Romagnola di nascita (1979), lavora come autrice, enigmista, ghostwriter, editor, occupandosi di diversi argomenti: dallo spettacolo allo sport, dall’arte alla storia. Nel 2016 è uscito il suo primo romanzo, Il colore dei papaveri (Piemme); nel 2019 il secondo, Tutta colpa di mia nonna (Baldini+Castoldi). Vive a Berlino, pedala ovunque capiti.

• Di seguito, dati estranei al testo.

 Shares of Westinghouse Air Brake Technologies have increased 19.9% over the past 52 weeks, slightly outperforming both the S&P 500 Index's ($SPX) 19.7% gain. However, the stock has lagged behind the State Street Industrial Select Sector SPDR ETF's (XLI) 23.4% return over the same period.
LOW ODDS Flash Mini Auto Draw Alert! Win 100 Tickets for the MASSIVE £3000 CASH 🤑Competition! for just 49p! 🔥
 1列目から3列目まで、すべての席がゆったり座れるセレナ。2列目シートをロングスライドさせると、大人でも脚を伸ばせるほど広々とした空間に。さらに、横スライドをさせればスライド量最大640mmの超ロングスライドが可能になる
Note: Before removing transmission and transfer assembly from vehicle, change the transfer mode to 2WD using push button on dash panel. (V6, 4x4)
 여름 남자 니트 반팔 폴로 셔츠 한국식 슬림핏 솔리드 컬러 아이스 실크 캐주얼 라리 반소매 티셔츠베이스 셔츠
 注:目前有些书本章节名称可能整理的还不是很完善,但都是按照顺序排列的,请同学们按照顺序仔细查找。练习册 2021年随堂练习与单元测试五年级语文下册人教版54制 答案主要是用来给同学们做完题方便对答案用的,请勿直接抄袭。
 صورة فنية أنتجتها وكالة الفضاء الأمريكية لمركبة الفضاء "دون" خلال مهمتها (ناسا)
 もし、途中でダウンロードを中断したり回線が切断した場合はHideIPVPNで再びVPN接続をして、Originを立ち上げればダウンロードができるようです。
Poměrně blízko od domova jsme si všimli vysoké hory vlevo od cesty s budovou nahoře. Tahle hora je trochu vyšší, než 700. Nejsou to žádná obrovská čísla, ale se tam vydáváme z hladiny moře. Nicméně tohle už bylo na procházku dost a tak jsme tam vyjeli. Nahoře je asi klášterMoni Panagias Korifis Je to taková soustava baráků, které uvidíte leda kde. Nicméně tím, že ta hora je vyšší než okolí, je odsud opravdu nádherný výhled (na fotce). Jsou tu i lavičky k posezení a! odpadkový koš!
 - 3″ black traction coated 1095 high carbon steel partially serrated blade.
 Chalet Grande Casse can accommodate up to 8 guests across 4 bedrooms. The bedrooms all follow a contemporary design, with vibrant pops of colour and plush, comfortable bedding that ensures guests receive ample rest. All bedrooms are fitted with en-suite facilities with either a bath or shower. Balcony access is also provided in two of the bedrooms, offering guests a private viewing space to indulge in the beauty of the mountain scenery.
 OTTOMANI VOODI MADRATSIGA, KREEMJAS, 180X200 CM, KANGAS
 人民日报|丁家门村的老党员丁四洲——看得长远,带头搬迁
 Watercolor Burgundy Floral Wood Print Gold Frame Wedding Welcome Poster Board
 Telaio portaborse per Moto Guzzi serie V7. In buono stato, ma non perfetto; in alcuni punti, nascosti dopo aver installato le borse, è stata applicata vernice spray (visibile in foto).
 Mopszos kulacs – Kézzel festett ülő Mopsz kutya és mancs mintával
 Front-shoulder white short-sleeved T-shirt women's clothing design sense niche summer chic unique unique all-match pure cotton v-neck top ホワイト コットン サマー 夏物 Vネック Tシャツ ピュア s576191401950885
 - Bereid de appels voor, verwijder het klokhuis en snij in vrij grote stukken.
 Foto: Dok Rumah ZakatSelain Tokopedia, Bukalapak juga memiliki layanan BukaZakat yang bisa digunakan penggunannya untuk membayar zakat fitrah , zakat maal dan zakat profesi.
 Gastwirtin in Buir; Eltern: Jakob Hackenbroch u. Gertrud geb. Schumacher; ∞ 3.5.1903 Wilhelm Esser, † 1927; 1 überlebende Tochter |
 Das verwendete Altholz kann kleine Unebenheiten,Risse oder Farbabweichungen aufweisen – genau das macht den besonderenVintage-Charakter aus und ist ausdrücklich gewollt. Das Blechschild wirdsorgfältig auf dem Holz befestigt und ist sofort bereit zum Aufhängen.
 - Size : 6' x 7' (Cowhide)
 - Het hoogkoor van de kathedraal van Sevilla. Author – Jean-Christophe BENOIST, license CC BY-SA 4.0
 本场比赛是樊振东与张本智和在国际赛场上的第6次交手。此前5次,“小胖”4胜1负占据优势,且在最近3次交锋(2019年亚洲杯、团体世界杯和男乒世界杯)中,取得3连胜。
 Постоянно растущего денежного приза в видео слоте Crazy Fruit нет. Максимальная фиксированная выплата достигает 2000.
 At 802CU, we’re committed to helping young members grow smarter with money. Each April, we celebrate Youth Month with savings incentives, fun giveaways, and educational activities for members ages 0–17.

Per seguirla su Instagram: @manuelamellini

La strada si conquista. Donne, biciclette e rivoluzioni

di Manuela Mellini

La bicicletta per le donne non è mai stata solo un mezzo di trasporto, ma un veicolo con cui portare avanti battaglie, sfidare le convenzioni e tratteggiare la via per la propria emancipazione. Dalla sua nascita agli anni delle pioniere; dalle imprese di Alfonsina Strada, unica donna ad aver preso parte a un Giro d’Italia maschile, alla Resistenza che trasformò la bicicletta in un’arma preziosa; dagli anni ’60, con le battaglie sociali e il riconoscimento del ciclismo agonistico femminile, all’epoca odierna in cui, a fronte di alcune importanti conquiste, il lavoro da fare resta molto. La bicicletta è ancora sinonimo di resistenza e rivoluzione nei luoghi in cui le donne devono battersi per i diritti più elementari, ma anche nelle città occidentali, dove la lotta per il proprio riconoscimento va di pari passo con la ricerca di una mobilità democratica e inclusiva, con lo sguardo all’ambiente. Nella battaglia per l’autodeterminazione, nella volontà di costruire una società più equa e giusta, la bicicletta è un’ottima alleata delle donne. Perché è sostenibile, libera, non violenta, e permette di conquistare spazi fisici e sociali che a volte ancora sembrano preclusi.

Prefazione di Paola Gianotti.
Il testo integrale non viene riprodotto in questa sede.